- [The input]
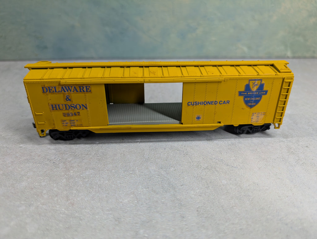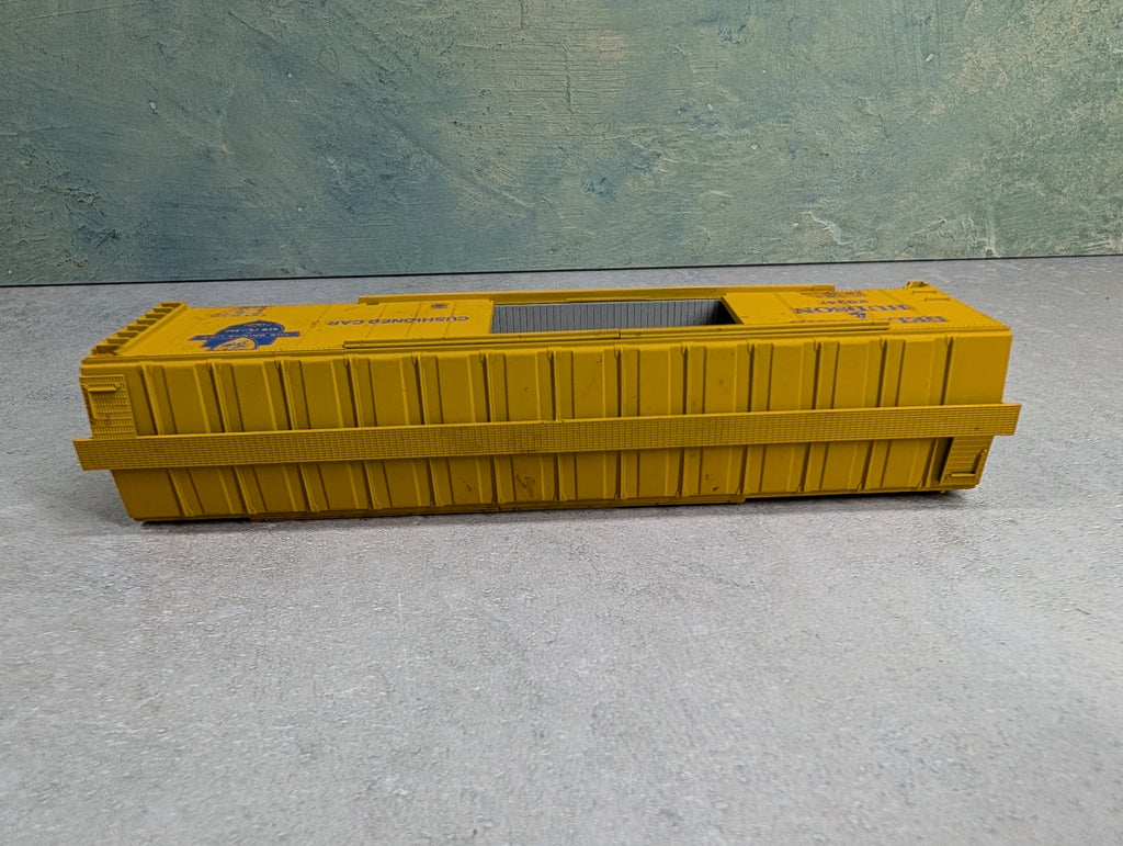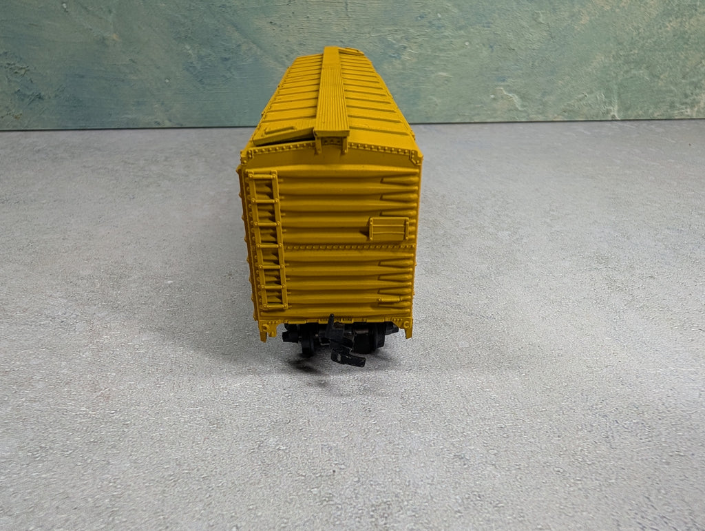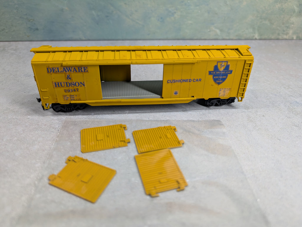 In good condition. Doors need to be installed. Rust on bottom metal. No brake wheel. Horn Hook couplers installed. May have paint wear/scratches/scuffs. Might require some light cleaning.
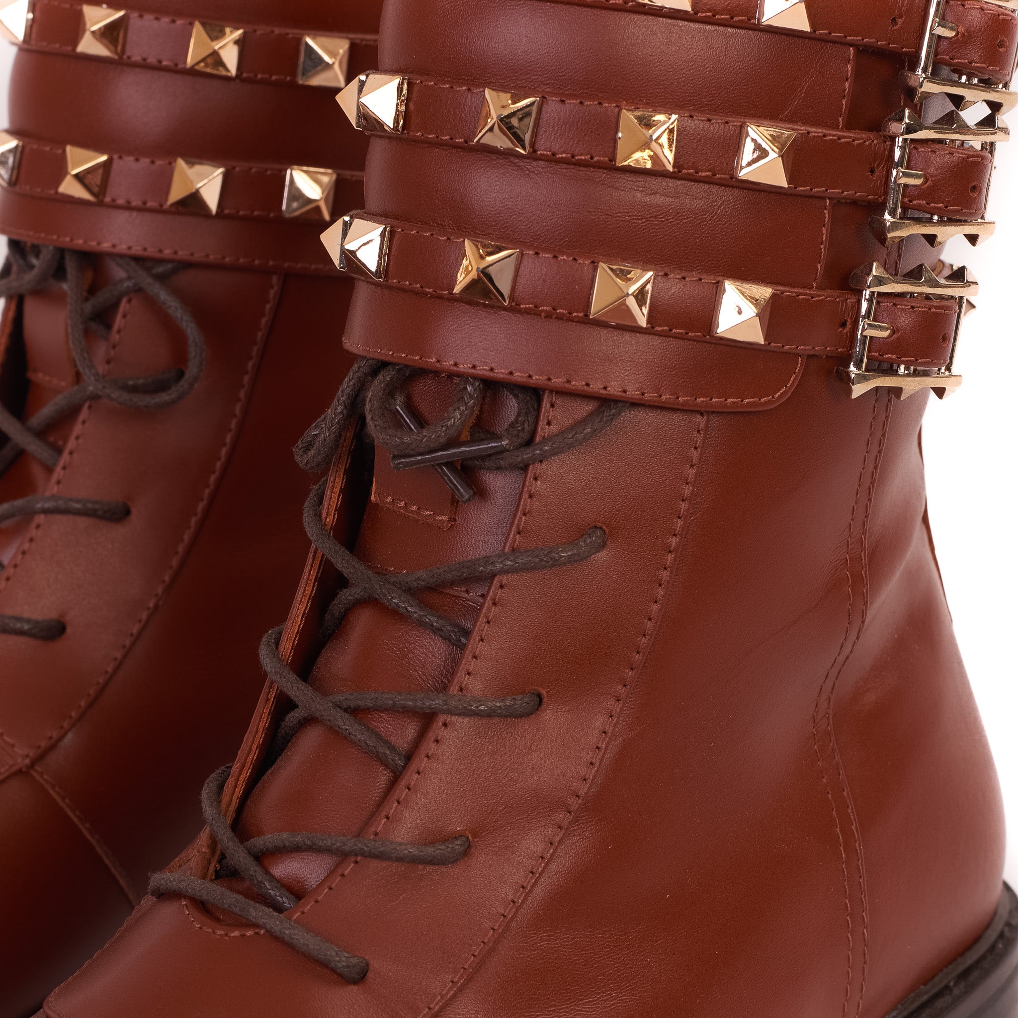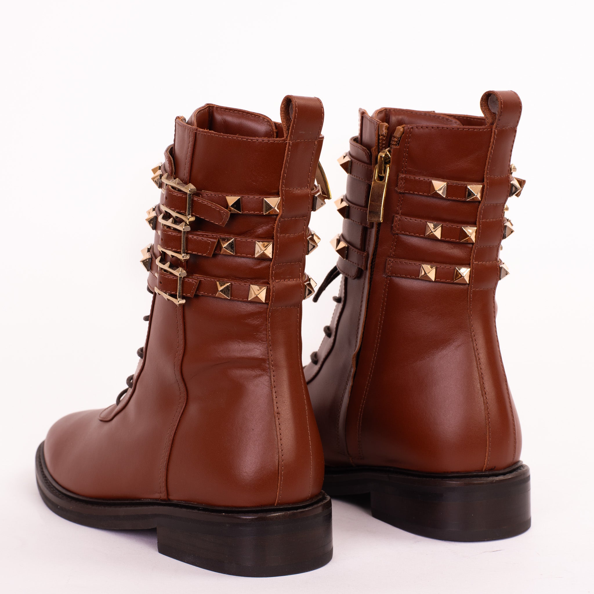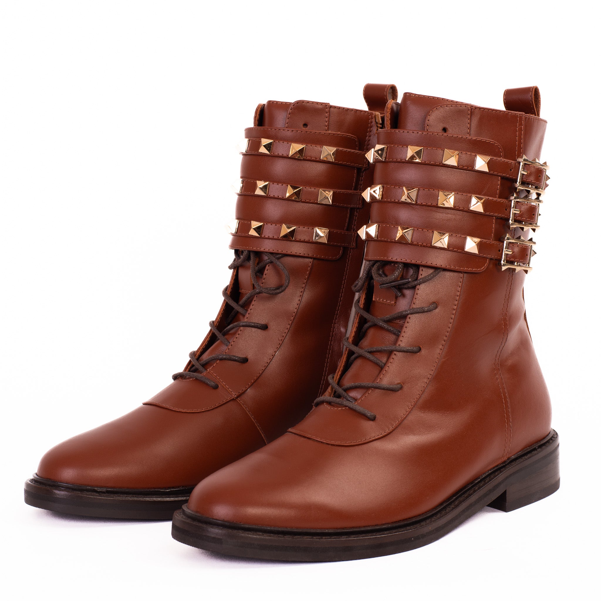 Vinci Leather Shoes The Doncaster Brown Leather Lace-up Mid Calf Women Boot With A Side Zipper | Women’s Shoes
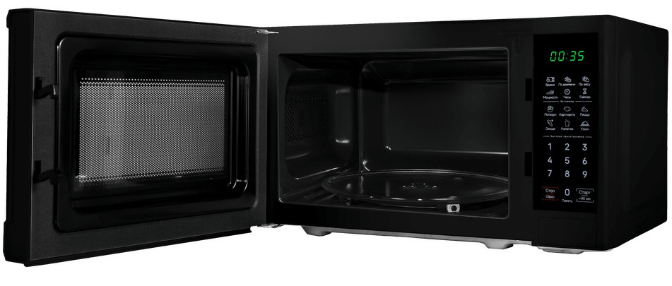 Глубина микроволновой печи —параметр, наиболее сильно влияющий на объем камеры и на диаметр вращающегося стеклянного блюда. Отдельно стоящие микроволновки соло, а также приборы, оснащенные грилем, имеют глубину от 35 до 45 см. При их установке на столешнице следует учитывать, в какую сторону и насколько широко будет открываться дверца. Глубина микроволновки, которая встраивается в кухонную мебель, также варьируется в широком диапазоне. Для полноразмерных моделей с откидной или навесной дверцей она может составить около 52-55 см, а для менее вместительных приборов — порядка 32-35 см.
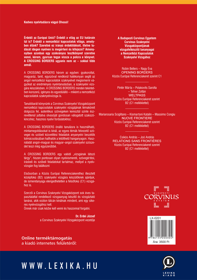 Érdekli az Európai Unió? Érdekli a világ az EU határain túl is? Érdekli a nemzetközi kapcsolatok világa, amelyben élünk? Szeretné ez irányú érdeklődését, illetve tudását idegen nyelven is megérteni és kifejezni? Amennyiben azonban egy szokványos tesztkönyvet szeretne venni, kérem, gyorsan tegye vissza a polcra e könyvet. A CROSSING BORDERS ugyanis nem az - sokkal több annál.
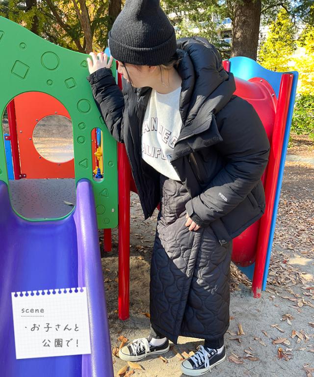 コメント:Mを着用しました。脚全体をカバーしながらも引きずらない、丁度良いサイズ感でした。

- [Problem]
Pictures aside, reproduce every record exactly as it stands.

- [Response to this task]
 In good condition. Doors need to be installed. Rust on bottom metal. No brake wheel. Horn Hook couplers installed. May have paint wear/scratches/scuffs. Might require some light cleaning.
 Vinci Leather Shoes The Doncaster Brown Leather Lace-up Mid Calf Women Boot With A Side Zipper | Women’s Shoes
 Глубина микроволновой печи —параметр, наиболее сильно влияющий на объем камеры и на диаметр вращающегося стеклянного блюда. Отдельно стоящие микроволновки соло, а также приборы, оснащенные грилем, имеют глубину от 35 до 45 см. При их установке на столешнице следует учитывать, в какую сторону и насколько широко будет открываться дверца. Глубина микроволновки, которая встраивается в кухонную мебель, также варьируется в широком диапазоне. Для полноразмерных моделей с откидной или навесной дверцей она может составить около 52-55 см, а для менее вместительных приборов — порядка 32-35 см.
 Érdekli az Európai Unió? Érdekli a világ az EU határain túl is? Érdekli a nemzetközi kapcsolatok világa, amelyben élünk? Szeretné ez irányú érdeklődését, illetve tudását idegen nyelven is megérteni és kifejezni? Amennyiben azonban egy szokványos tesztkönyvet szeretne venni, kérem, gyorsan tegye vissza a polcra e könyvet. A CROSSING BORDERS ugyanis nem az - sokkal több annál.
 コメント:Mを着用しました。脚全体をカバーしながらも引きずらない、丁度良いサイズ感でした。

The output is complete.